### What you need to do
Give again, exactly as written, each line of the material below starting at the line that contains "- 【Warming Tips】To" and ending at the line that contains "Parking du musée". Both ends count, and no other line does.

Raw data section start

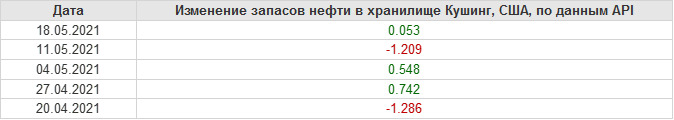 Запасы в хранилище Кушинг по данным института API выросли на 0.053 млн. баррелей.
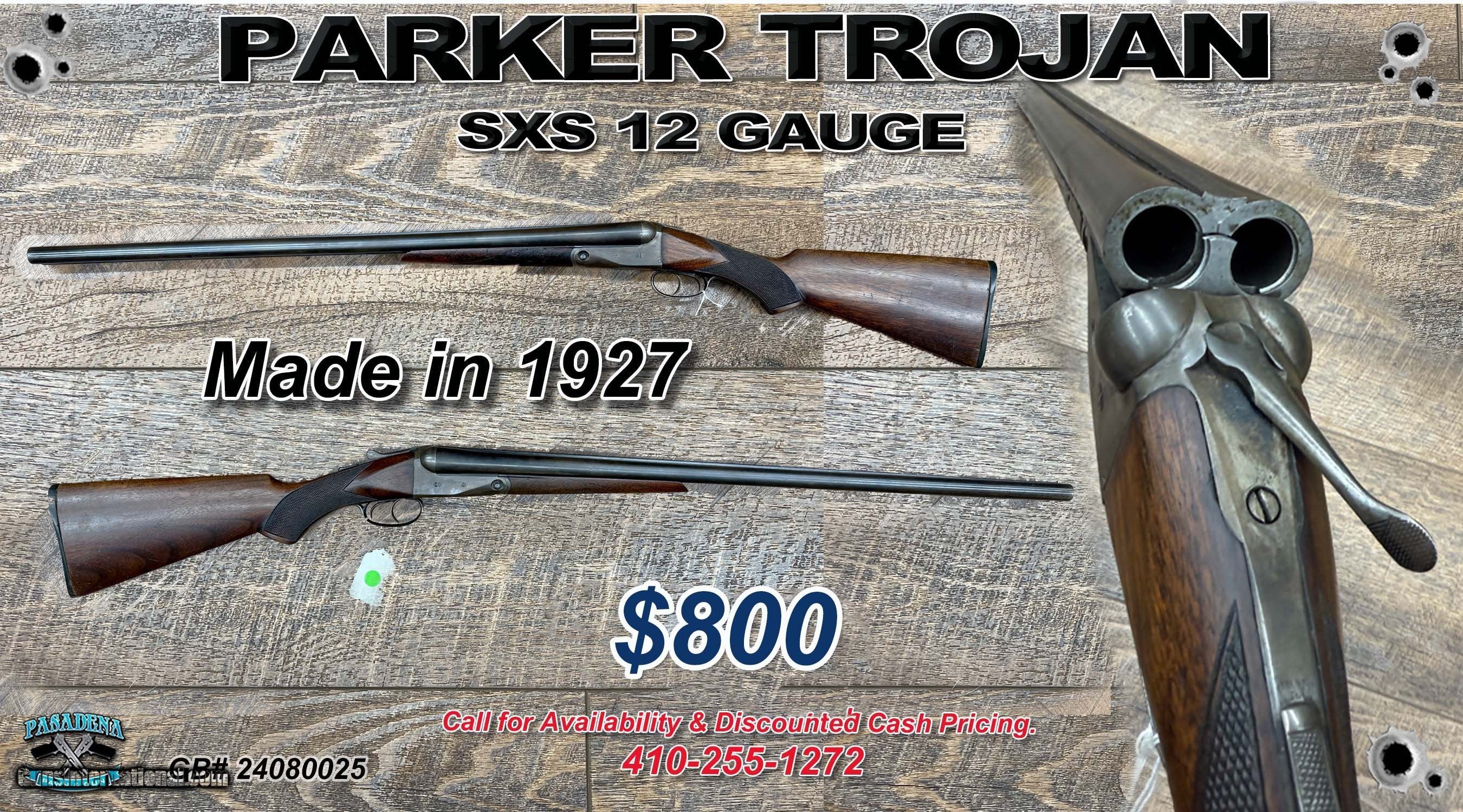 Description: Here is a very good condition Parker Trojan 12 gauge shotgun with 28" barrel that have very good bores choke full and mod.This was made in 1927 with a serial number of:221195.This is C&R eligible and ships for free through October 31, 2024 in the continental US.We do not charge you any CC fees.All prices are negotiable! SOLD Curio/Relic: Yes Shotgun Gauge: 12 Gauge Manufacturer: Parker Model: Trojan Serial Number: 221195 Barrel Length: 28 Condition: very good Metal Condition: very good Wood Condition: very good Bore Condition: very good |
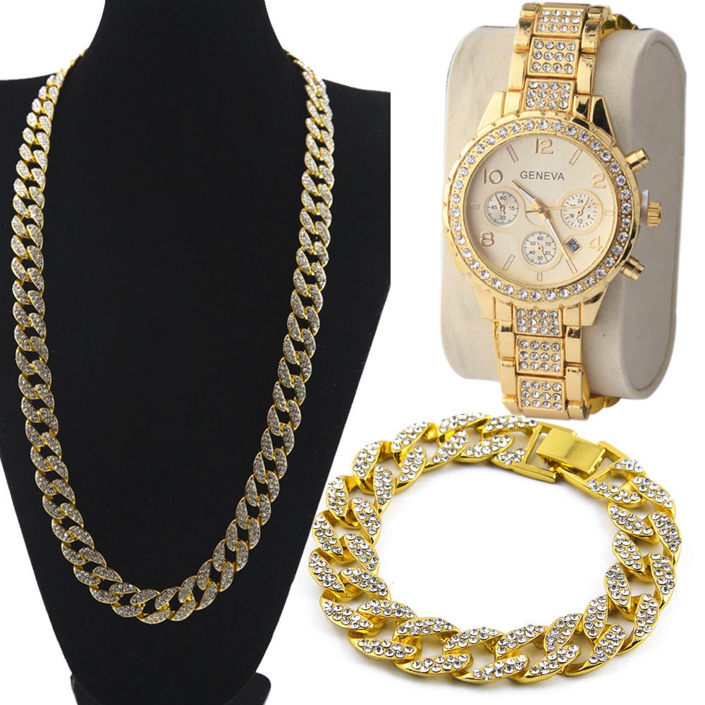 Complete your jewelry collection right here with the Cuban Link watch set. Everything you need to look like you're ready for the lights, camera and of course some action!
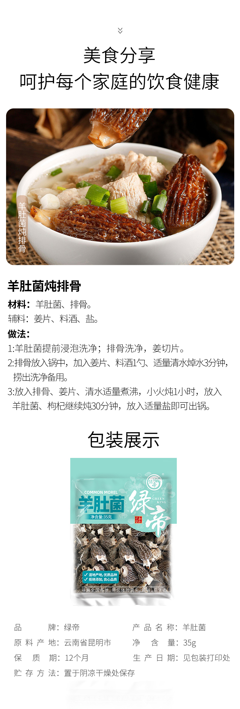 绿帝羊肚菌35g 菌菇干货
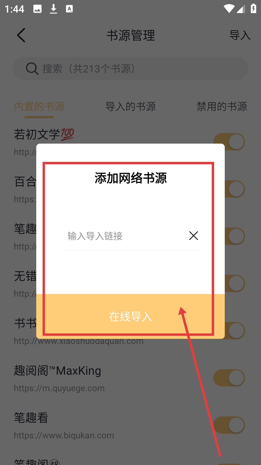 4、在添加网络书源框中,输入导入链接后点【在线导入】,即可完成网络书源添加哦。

Raw data section end
Raw data section start

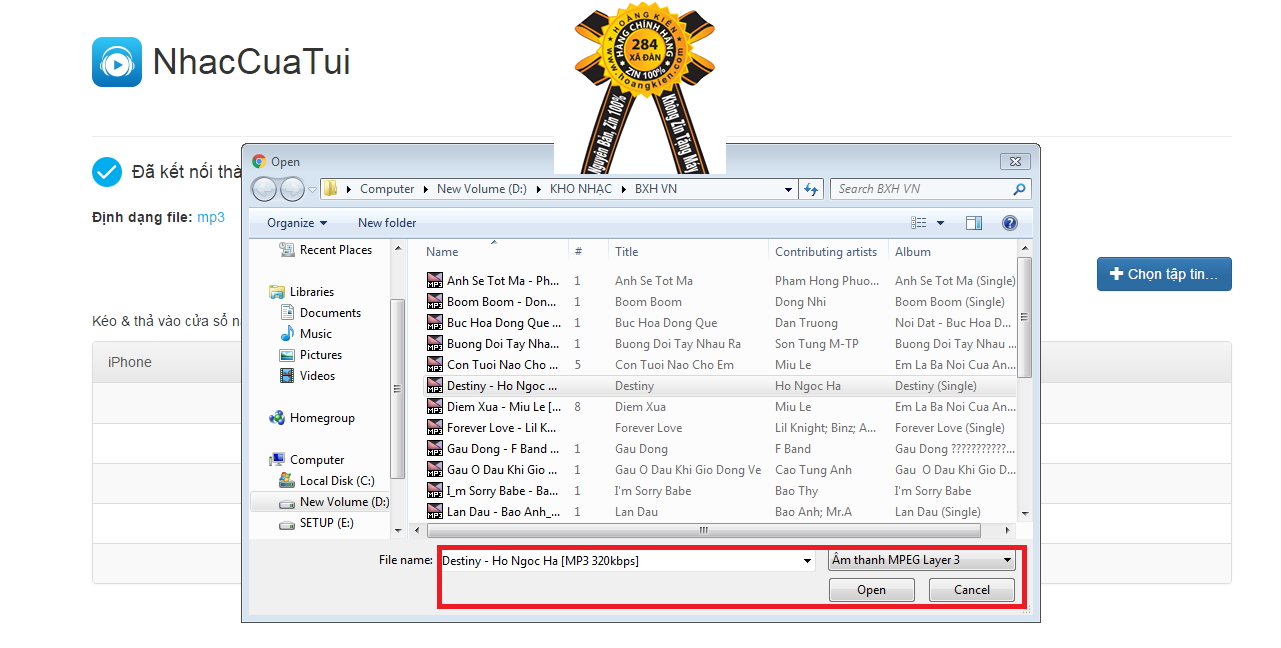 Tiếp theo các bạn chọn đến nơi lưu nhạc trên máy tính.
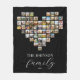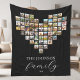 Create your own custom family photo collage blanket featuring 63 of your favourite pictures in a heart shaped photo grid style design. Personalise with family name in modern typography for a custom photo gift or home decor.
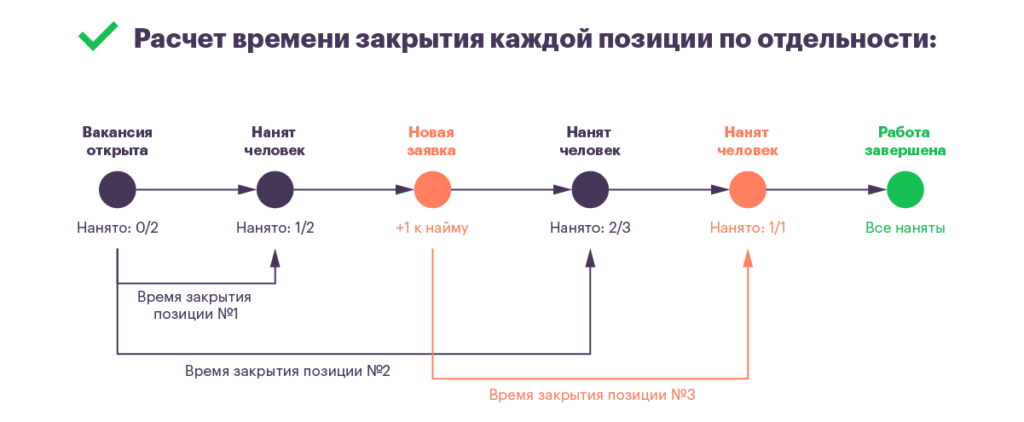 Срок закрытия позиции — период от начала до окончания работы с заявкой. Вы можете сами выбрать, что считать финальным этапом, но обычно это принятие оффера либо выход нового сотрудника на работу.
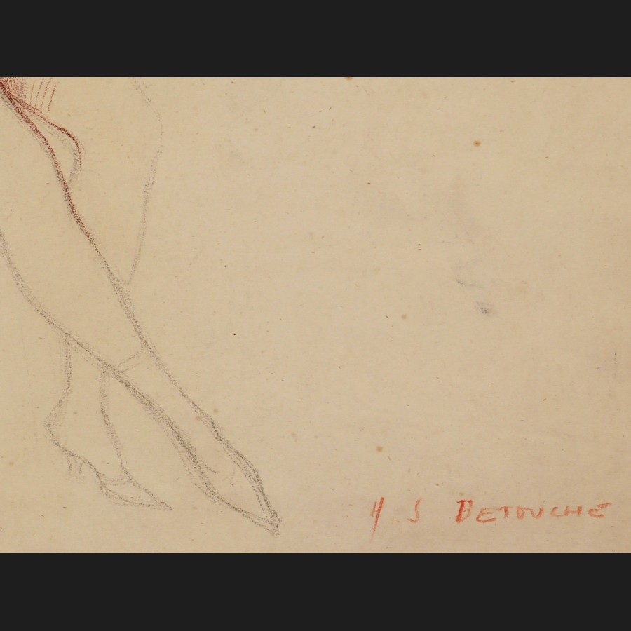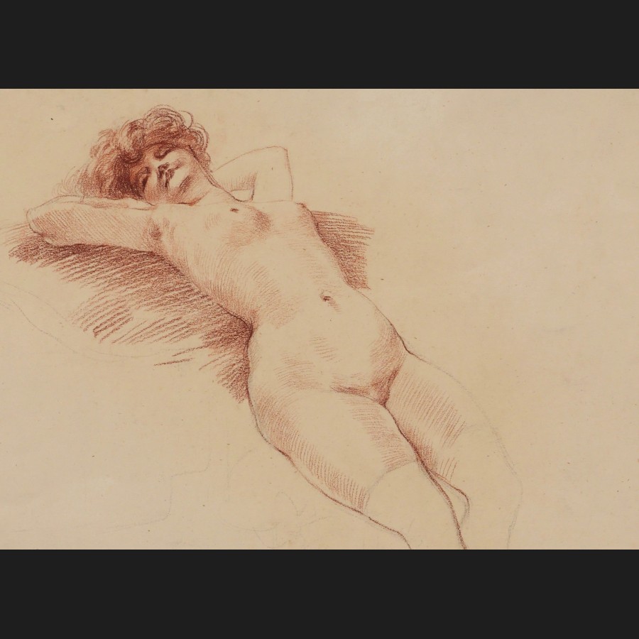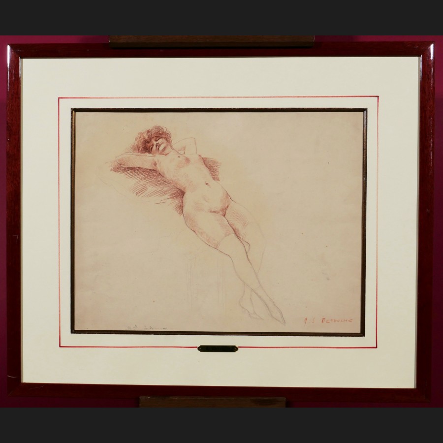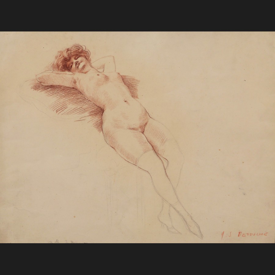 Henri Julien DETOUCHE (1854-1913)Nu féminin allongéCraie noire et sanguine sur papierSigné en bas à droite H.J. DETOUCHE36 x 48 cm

Raw data section end
Raw data section start

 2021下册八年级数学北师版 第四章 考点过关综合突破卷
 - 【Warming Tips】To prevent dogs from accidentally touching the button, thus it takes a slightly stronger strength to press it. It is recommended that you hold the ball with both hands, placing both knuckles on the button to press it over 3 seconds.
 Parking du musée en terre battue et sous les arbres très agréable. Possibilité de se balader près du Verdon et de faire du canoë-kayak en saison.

Raw data section end

### The answer
 - 【Warming Tips】To prevent dogs from accidentally touching the button, thus it takes a slightly stronger strength to press it. It is recommended that you hold the ball with both hands, placing both knuckles on the button to press it over 3 seconds.
 Parking du musée en terre battue et sous les arbres très agréable. Possibilité de se balader près du Verdon et de faire du canoë-kayak en saison.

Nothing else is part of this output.